Muchos hijos, un mono y un castillo (Gustavo Salmerón)

Muchos hijos, un mono y un castillo (Gustavo Salmerón)

El cine español estuvo bien representado por un nuevo documental, el sorprendente Muchos hijos, un mono y un castillo (Gustavo Salmerón), objeto singularísimo en cuanto a que su personaje, la madre del actor y director debutante, también lo es. Recopilación de grabaciones caseras en torno a una familia numerosa y caótica, gobernada por la arrolladora Julita, supone un homenaje con gracia e incontestable amor a un personaje tan excéntrico como humano, en el que subyacen la sombra de la muerte y la silenciada vulnerabilidad en el seno familiar de la figura materna. Gracias a su carisma, el relato íntimo adquiere un gancho irresistible y universal. Un reclamo similar se omite en la opuesta 12 jours (Raymond Depardon), que da voz, con tono monocorde y casi clínico, a pacientes psiquiátricos que esperan a conocer una decisión crucial para el resto de su vida: saber si permanecerán recluidos entre los muros del centro sanitario o podrán luchar por retomar sus caminos en el exterior. Más allá de los interludios en pasillos y patios, bien captados y musicados, Depardon aporta poco más que la indudable virtud de saber escuchar esas entrevistas decisivas entre dos partes comprometidas, reivindicando también a aquellos individuos cuyo rol ha de resolver con frialdad el futuro de pacientes emocionalmente descompuestos.

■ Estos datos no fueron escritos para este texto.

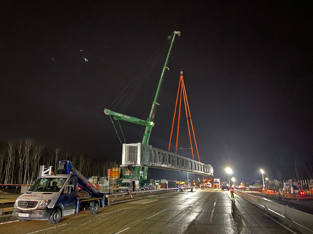 10 మరియు 11 జంక్షన్ల మధ్య ఐదు మైళ్ల విస్తీర్ణంలో ఉన్న మోటర్వే శుక్రవారం రాత్రి 9 గంటలకు రెండు వైపులా ట్రాఫిక్కు మూసివేయబడింది మరియు వంతెనను కూల్చివేసి కొత్త గ్యాంట్రీని ఏర్పాటు చేసినప్పుడు సోమవారం ఉదయం 6 గంటల వరకు ట్రాఫిక్కు మూసివేయబడుతుంది.
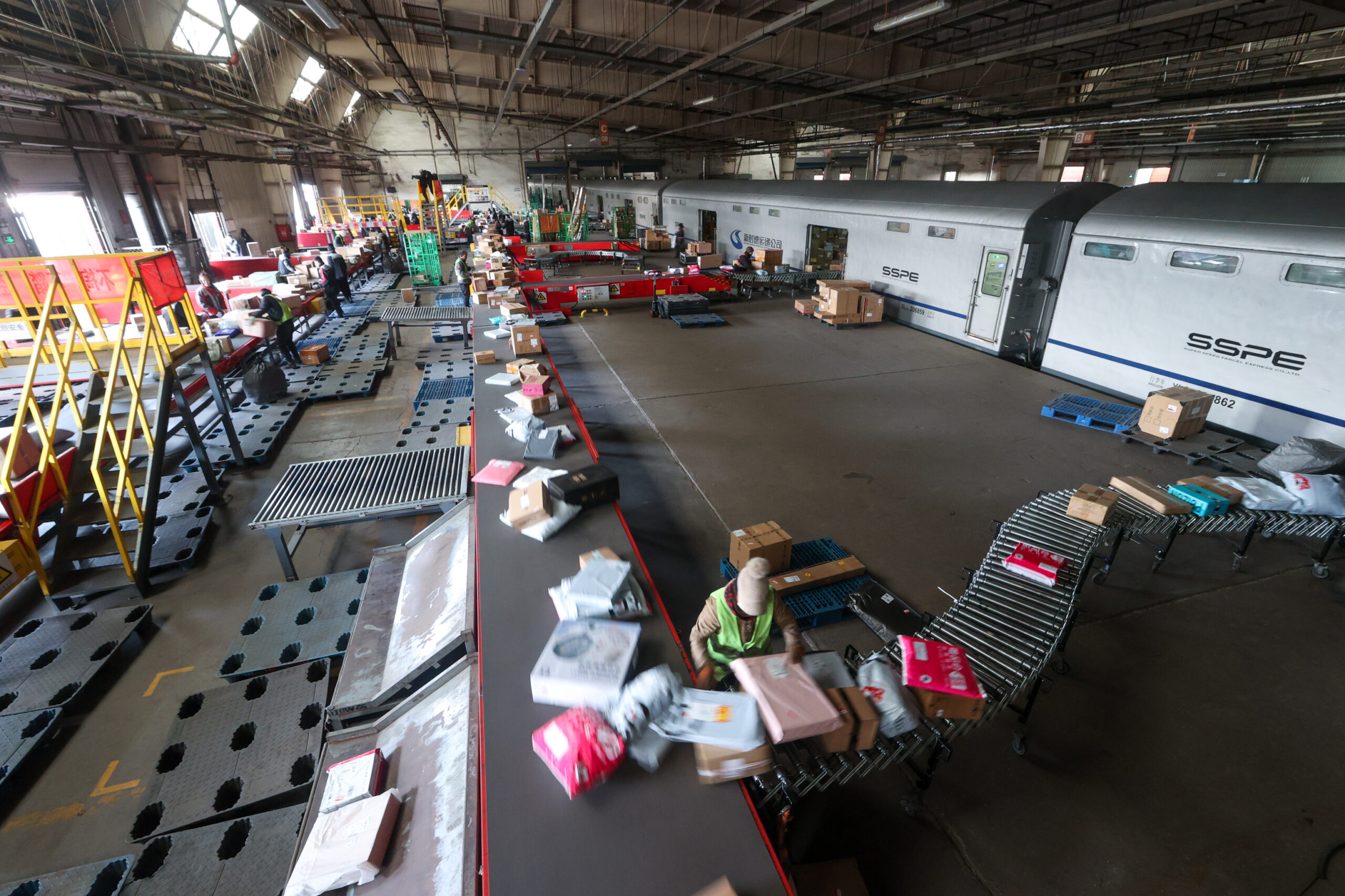 1月31日,在位于北京市大兴区的黄村铁路货场内,满载年货的X104次特快货物班列停靠站台,作业人员卸...
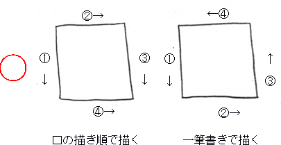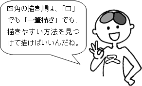 正方形は、一筆描きで描く方法と、漢字の「口」の描き順で描く方法がありますが、やり易い描き順で描いて下さい。
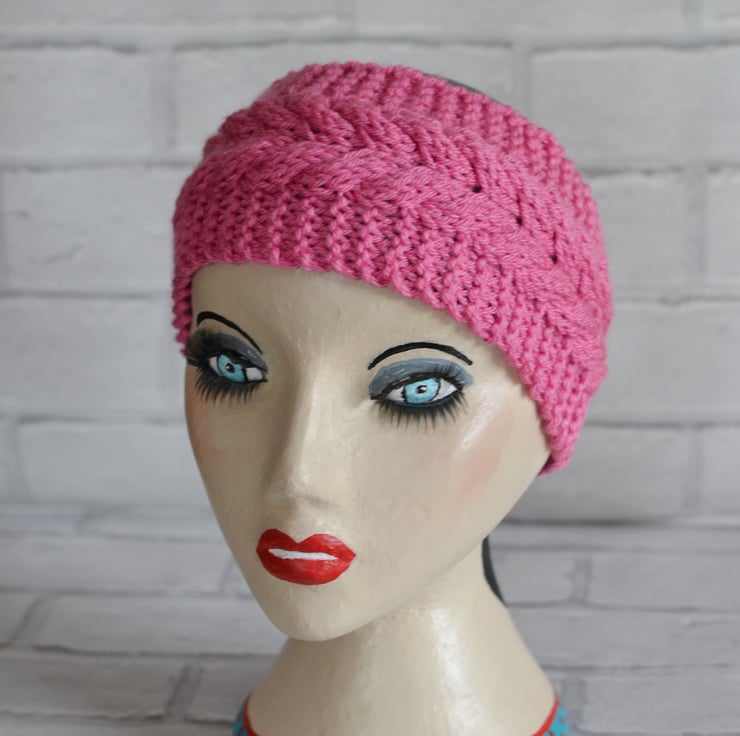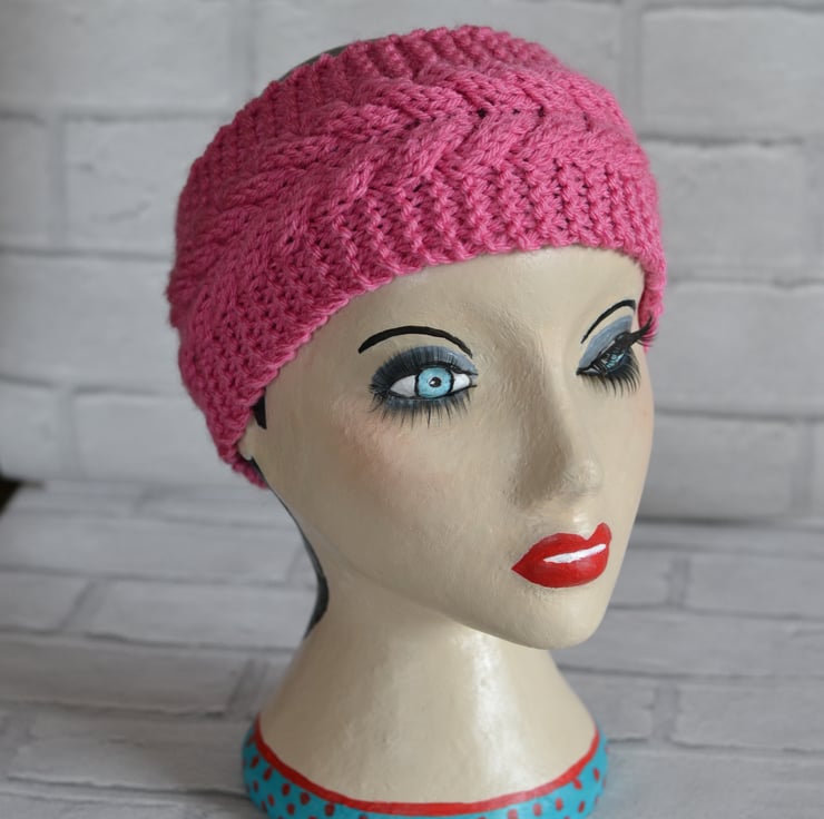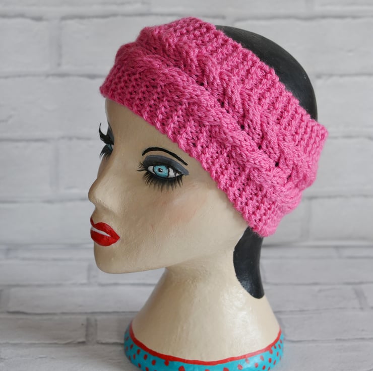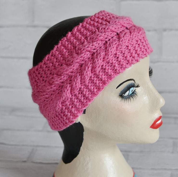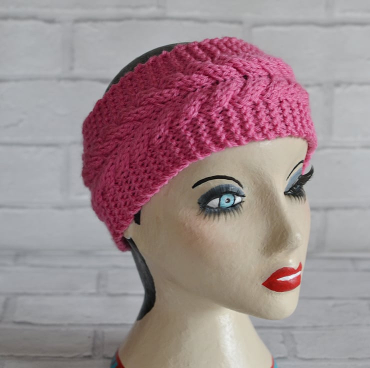 Cable chunky knitted wide headband earwarmer. Knitted in a lovely pink shade. It will fit heads 22" - 23". Keeps your ears lovely and warm.

El premio a la mejor película de la sección fue para el mediometraje francés Braguino (Clément Cogitore), un desconcertante cuadro etnográfico en torno a dos familias de la taiga siberiana acechadas por la sombra de la normatividad. Nos dejó tan en fuera de juego como sus imágenes, a años luz de casi todas las compañeras de selección mencionadas, pero, como sucede en cualquier festival, ningún capricho de los jurados es capaz de sumar o restar valor a los títulos seleccionados. Habiendo visto la mayor parte de la competición Zabaltegi-Tabakalera –que incluyó algunos títulos más, caso de la serie íntegra Vergüenza, de Juan Cavestany para Movistar+–, podrá decirse desde ya que su auge en 2017 no sólo fue pertinente, sino también memorable.